*What needs to be done*.
Set down the full listing below word for word; pictures stay out of the copy.

*Material provided*.
--- --- ---
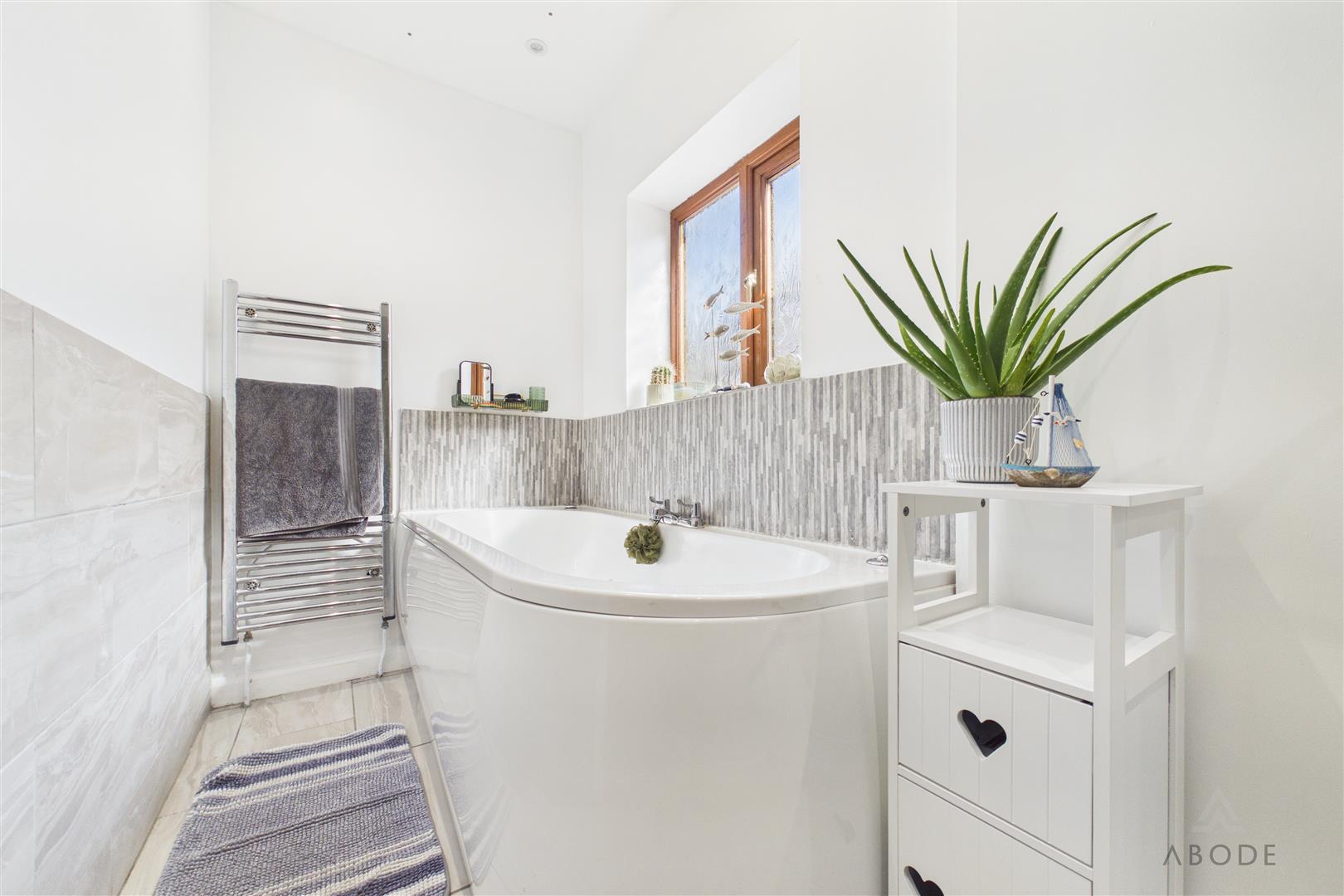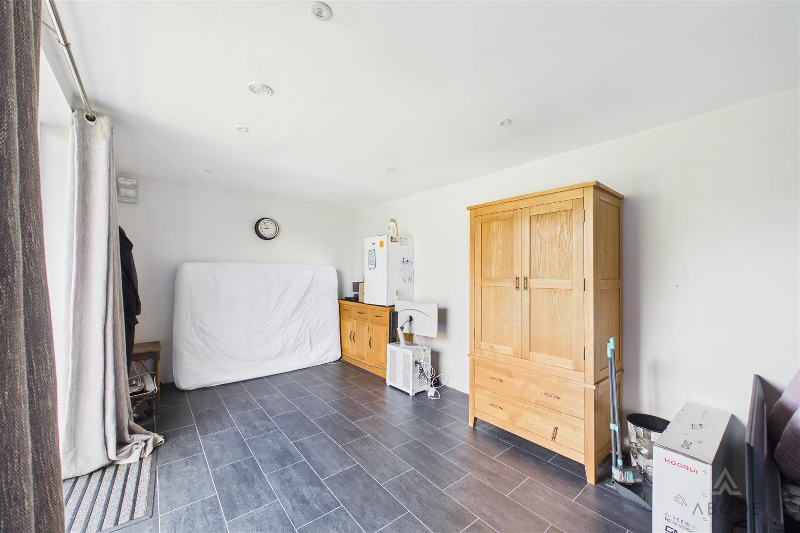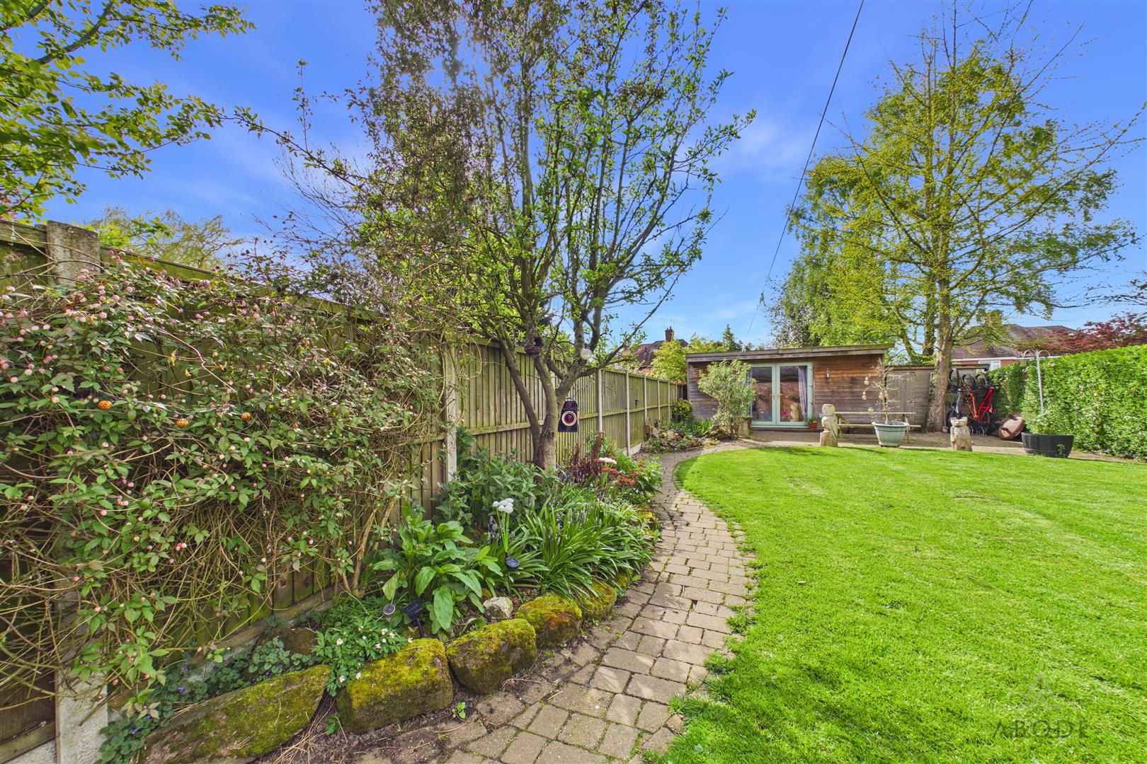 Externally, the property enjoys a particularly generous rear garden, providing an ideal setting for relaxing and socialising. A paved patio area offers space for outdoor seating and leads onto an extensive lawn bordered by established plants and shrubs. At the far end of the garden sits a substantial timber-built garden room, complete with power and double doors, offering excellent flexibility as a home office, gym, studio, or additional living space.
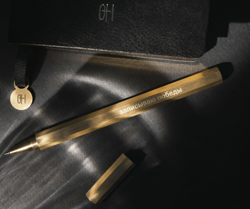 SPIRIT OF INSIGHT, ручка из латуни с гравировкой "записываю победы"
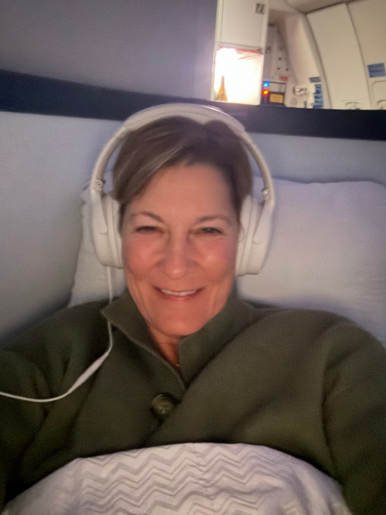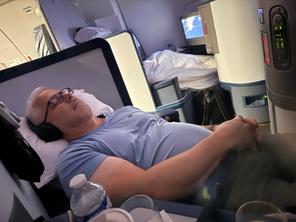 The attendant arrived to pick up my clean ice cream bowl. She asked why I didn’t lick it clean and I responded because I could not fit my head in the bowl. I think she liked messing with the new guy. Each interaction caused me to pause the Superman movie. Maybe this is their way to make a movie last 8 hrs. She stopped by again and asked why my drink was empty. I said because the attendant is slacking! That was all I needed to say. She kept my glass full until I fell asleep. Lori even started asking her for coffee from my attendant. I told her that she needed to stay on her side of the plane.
--- --- ---
*Result for this task*.
 Externally, the property enjoys a particularly generous rear garden, providing an ideal setting for relaxing and socialising. A paved patio area offers space for outdoor seating and leads onto an extensive lawn bordered by established plants and shrubs. At the far end of the garden sits a substantial timber-built garden room, complete with power and double doors, offering excellent flexibility as a home office, gym, studio, or additional living space.
 SPIRIT OF INSIGHT, ручка из латуни с гравировкой "записываю победы"
 The attendant arrived to pick up my clean ice cream bowl. She asked why I didn’t lick it clean and I responded because I could not fit my head in the bowl. I think she liked messing with the new guy. Each interaction caused me to pause the Superman movie. Maybe this is their way to make a movie last 8 hrs. She stopped by again and asked why my drink was empty. I said because the attendant is slacking! That was all I needed to say. She kept my glass full until I fell asleep. Lori even started asking her for coffee from my attendant. I told her that she needed to stay on her side of the plane.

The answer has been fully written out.